Vimtop has an "o" option for network related information. Look for dropped packets.

Final Note:

"P" option = pauses the screen
"S" option = sets the refresh rate in seconds
"Q" option = quit vimtop

Monday, December 19, 2016

VMFS-6 Improvements


ESXi hosts running version 6.5 can now support up to 2,000 paths in total. This is an increase from the 1024 paths that were supported in previous versions of vSphere.


ESXi hosts running version 6.5 can now support up to 512 devices. This is a two-fold increase from previous versions of ESXi where the number of devices supported per host was limited to 256.

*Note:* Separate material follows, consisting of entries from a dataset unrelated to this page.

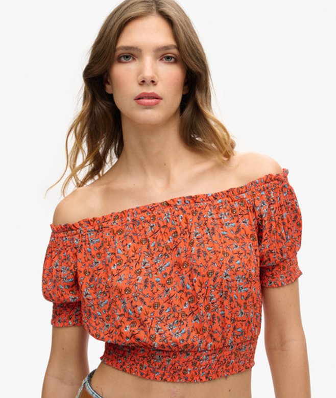 Superdry Korte top met Korte Mouwen en Smokwerk Oranje | ricciano NEDERLAND
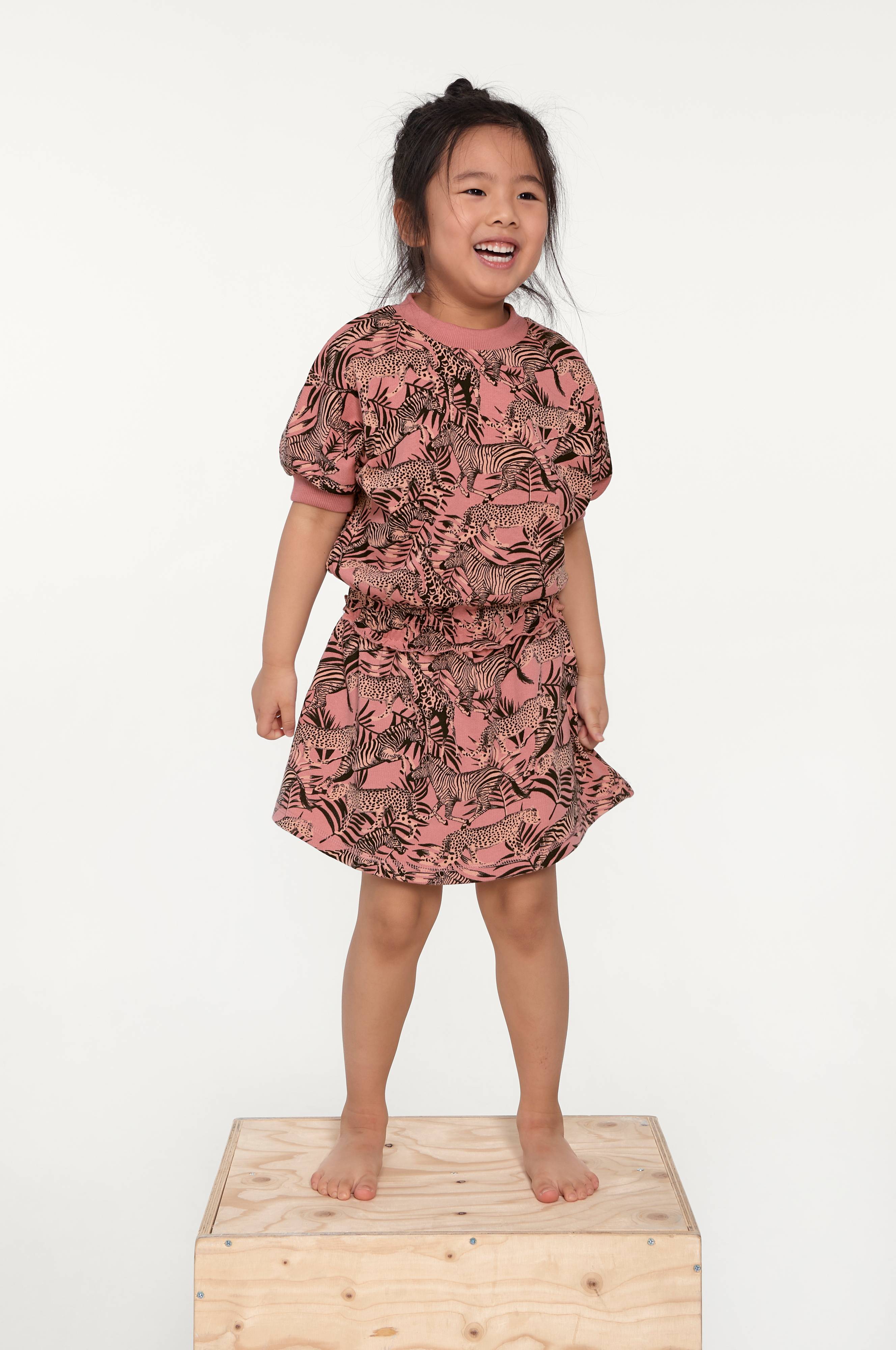 Sweatnederdel i mønstret bomuld med ensfarvet rib i taljen.
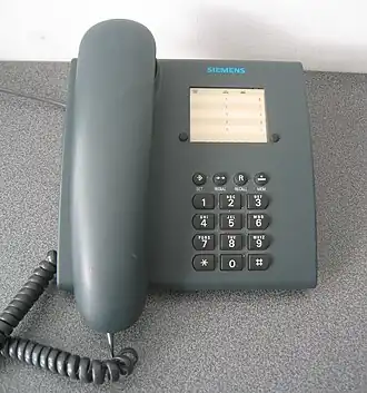 - Een kiesinrichting om bij een uitgaand gesprek het nummer te kiezen. Vanouds was dit een kiesschijf, sinds 1974 steeds vaker drukknoppen. In de loop van de 20e eeuw werden steeds meer telefoons aangesloten op een automatisch netwerk, zodat de kiesinrichting niet kan ontbreken.

512e Advanced Format Device Support

The storage industry is hitting capacity limits with 512N (native) sector size used currently in rotating storage media. To address this issue, the storage industry has proposed new Advanced Format (AF) drives which use a 4K native sector size. These AF drives allows disk drive vendors to build high capacity drives which also provide better performance, efficient space utilization and improved reliability and error correction capability.
Given that legacy applications and operating systems may not be able to support 4KN drives, the storage industry has proposed an intermediate step to support legacy applications by providing 4K sector size drives in 512 emulation (512e) mode. These drives will have a physical sector size of 4K but the logical sector size of 512 bytes and are called 512e drives. These drives are now supported on vSphere 6.5 for VMFS and RDM (Raw Device Mappings).
File Block Format:
VMFS-6 introduces two new block sizes, referred to as small file block (SFB) and large file block (LFB). While the SFB size can range from 64KB to 1MB for future use-cases, VMFS-6 in vSphere 6.5 is utilizing an SFB size of 1MB only. The LFB size is set to 512MB.
Thin disks created on VMFS-6 are initially backed with SFBs. Thick disks created on VMFS-6 are allocated LFBs as much as possible. For the portion of the thick disk which does not fit into an LFB, SFBs are allocated.
These enhancements should result in much faster file creation times. This is especially true with swap file creation so long as the swap file can be created with all LFBs. Swap files are always thickly provisioned.
VMFS Creation:
Using these new enhancements, the initialization and creation of new VMFS datastore has been significantly improved in ESXi 6.5. For a 32 TB volume, VMFS creation time was halved. In the example shown below, the creations of a 32TB VMFS-6 volume on ESXi 6.5 only takes half the time of creating a 32TB VMFS-5 volume on ESXi 6.0U2.
Concurrency Improvements
This next feature introduces lock contention improvements and improved resignaturing and scanning. Some of the lock mechanisms on VMFS were largely responsible for some of the biggest delays in parallel device scanning and filesystem probing on ESXi. Since Sphere 6.5 has higher limits on number of devices and paths, a big factor in enabling this support was to redesign device discovery and filesystem probing to be highly parallel.
These improvements are significant for Site Recover Manager, especially with a failover event, as the changes here lead to improved resignature and rescan/device discovery.
There are also benefits to Thin provisioning operations. Previous versions of VMFS only allowed one transaction at a time per host on a given filesystem. VMFS-6 supports multiple concurrent transactions at a time per host on a given filesystem. This results in improved IOPS for multi-threaded workloads on thin files.
Upgrading to VMFS-6
Datastore filesystem upgrade from VMFS-5 (or previous versions) to VMFS-6 is not supported. Customers upgrading from older versions of vSphere to 6.5 release should continue to use VMFS-5 datastores (or older version) until they create new VMFS-6 datastores. 
Since there is no direct ‘in-place’ upgrade of filesystem supported, customers should use Virtual Machine migration techniques such as Storage vMotion to move VMs from the old datastore to the new VMFS-6 datastore.
Hot Extend VMDK Beyond 2TB
Prior to ESXi 6.5, thin virtual disks could only be extended if their size was below 2TB when the VM was powered on. If the size of a VMDK was 2TB or larger, or the expand operation caused it to exceed 2TB, the hot extend operation would fail. This required administrators to typically shut down the virtual machine to expand it beyond 2TB. The behavior has been changed in vSphere 6.5 and hot extend no longer has this limitation.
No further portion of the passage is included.